CAT is a computer algorithm that selects successive items based on an individual’s responses to previously administered items. For example, if an initial item asked how difficult it was for the respondent to walk up a flight of stairs and the respondent’s answer was “extremely difficult,” this would suggest that the respondent’s physical functioning is on the low end. The CAT algorithm would then select a second question that asks about difficulty doing an easier activity, such as walking on flat ground. On the other hand, if the response to the initial item was “not at all difficult,” a second question might ask about a more difficult activity, such as running a mile. In this way, CAT is always searching for the next item that will provide the most unique information about the person . CAT is already used for a variety of standardized educational tests, including the Graduate Record Examination , the North American Pharmacist Licensure Examination , and the United States Medical Licensing Examination . Although CAT is the more sophisticated option than short forms, any option that uses items from the same item bank will produce comparable scores, regardless of whether the same items were asked of respondents . This is another key advantage of measures based on IRT.
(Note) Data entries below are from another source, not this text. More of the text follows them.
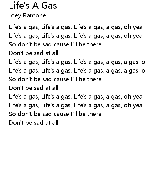 Life's a gas, Life's a gas, Life's a gas, a gas, a gas, oh yea |
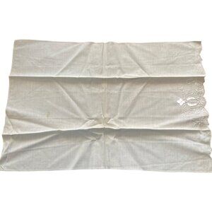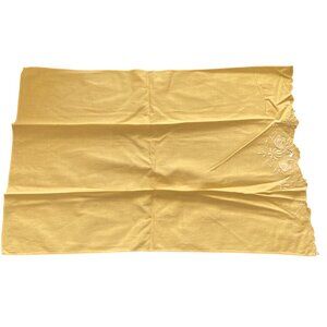 Vintage embroidered hand towel with charming yellow and green design. Note: Stains present, adding character to this unique piece. Perfect for adding a touch of nostalgia to your kitchen or bathroom decor.
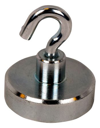 This is 16mm Hook Neodymium Magnet manufactured by Eclipse. The manufacturer part number is E1032/NEO. Additionally, it has a hook type attachment . It has a standard 16mm width/diameter . It has about 9.5kg pull force . It is 4.5mm thick. It has a typical thread size of m4. Its accurate length is 20.5mm. It has a shallow pot type magnet .
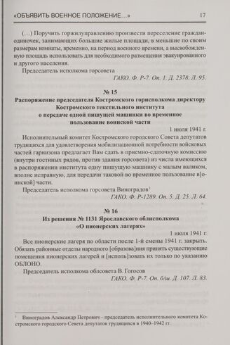 Из решения № 1131 Ярославского облисполкома «О пионерских лагерях». 1 июля 1941 г.
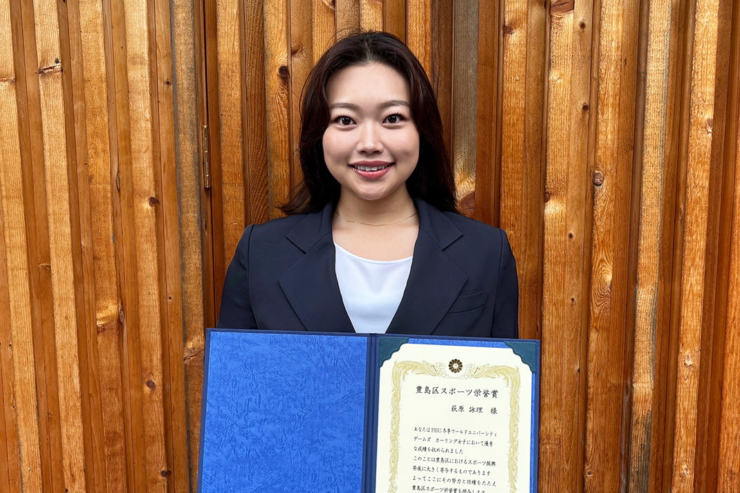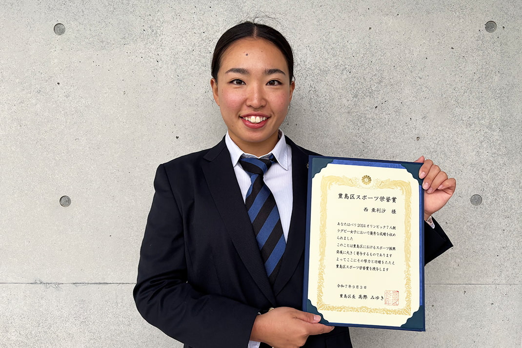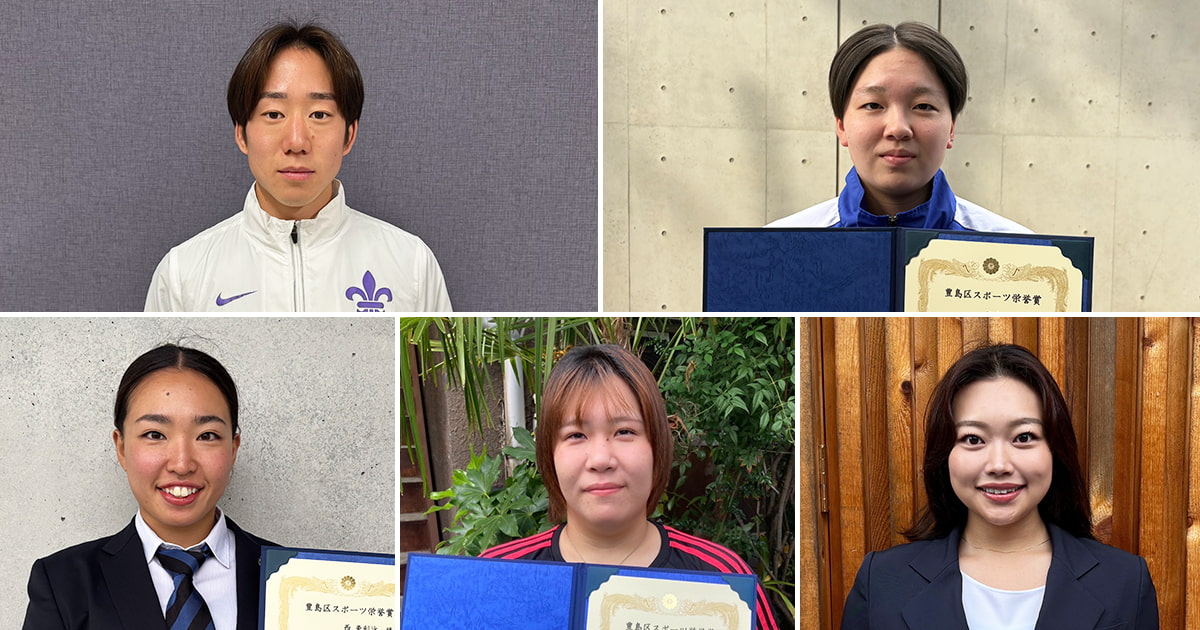 豊島区のスポーツ栄誉賞を立教大学の5人(馬場賢人さん、松永琴寧さん、西亜利沙さん、石井さくらさん、荻原詠理さん)が受賞しました。
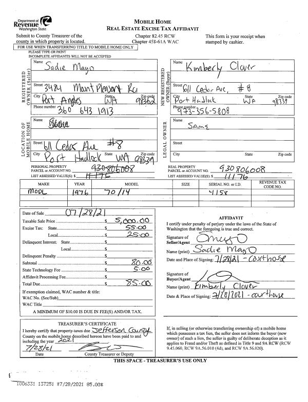 | 1 | 07/06/2021 | SWD | Statutory Warranty Deed | WILLIAM E BUZENBERG | KRISTIN & JORDAN DOVER | | | $441,500.00 | 137116 | |
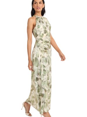 Women’s Ruched Waist Halter Neck A-line Maxi-Ankle Length Special Occasion-Formal Evening Dress
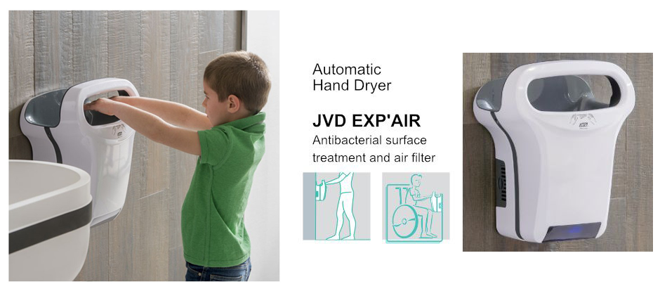 A JVD Copt'air nagysebességű kézszárítója, köszönhetően a szabadalmaztatott forgó levegő fúvókának köszönhetően, a 450 km/h sebességgel kiáramló forgó levegőáram hatékony és gyors kézszárítást tesz lehetővé. Az öntött alumínium burkolatnak köszönhetően az automata kézszárító vandálbiztos, vandalizmusnak, a szándékos rongálásnak ellenálló konstrukció.
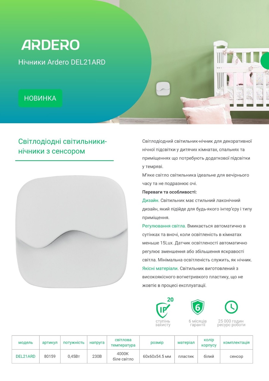 Регулювання світла. Вмикається автоматично в сутінках та вночі, коли освітленість в кімнатах меньше 15Lux. Датчик освітленості автоматично регулює зменшення або збільшення яскравості світла. Мінімальна освітленість служить, як нічник.
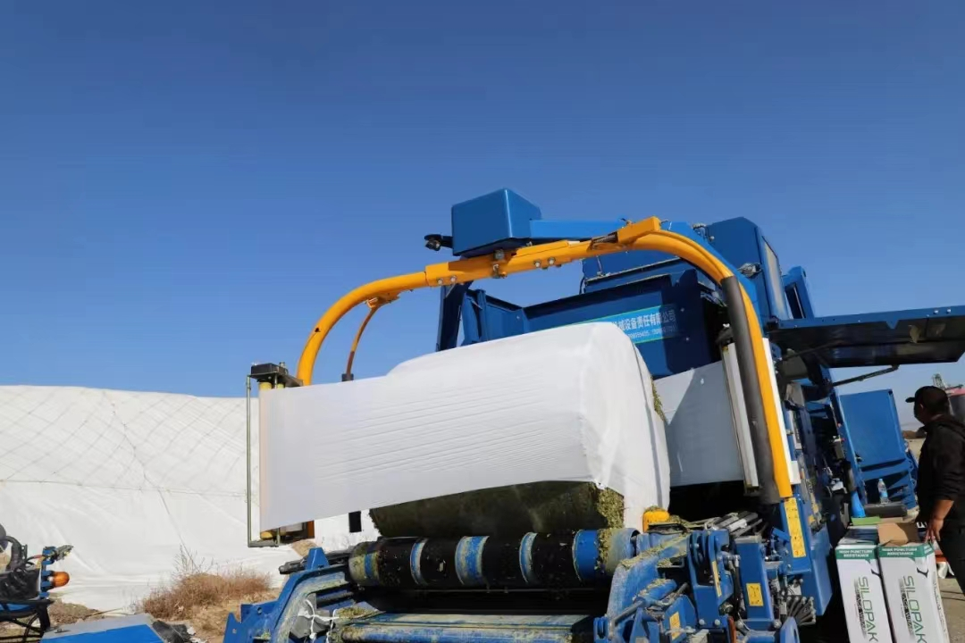 鑫塔企業科協工作人員邢天亮說道:“使用青貯打捆包膜一體機,大大提高了機器的自動化程度,使用時無需人工轉移物料,打好捆后自動包膜,大大增加了工作效率,降低了人工成本,損耗低,易長期保存,更有利于飼料青貯加工的規模性發展。”

Widespread use of IRT item banks could be advantageous to health outcome assessment. However, an important dimension of the effectiveness of this technology is adoption by the end user community—clinical trialists. The purpose of this study was twofold: (1) to evaluate a brief tutorial designed as a basic introduction to IRT-based item banks, and (2) to elicit investigators’ questions and concerns about both current and IRT-based PRO measurement strategies in clinical trial settings. Understanding these concerns is valuable to promote use of item banks and CAT in the clinical trials setting. This information will also be helpful for sponsors who may want to learn more about the issues and challenges of using PRO item banks as well as for developers of item banks who bear the burden of educating both potential users and relevant stakeholders (such as funding agencies and regulatory boards) on the merits of this new technology.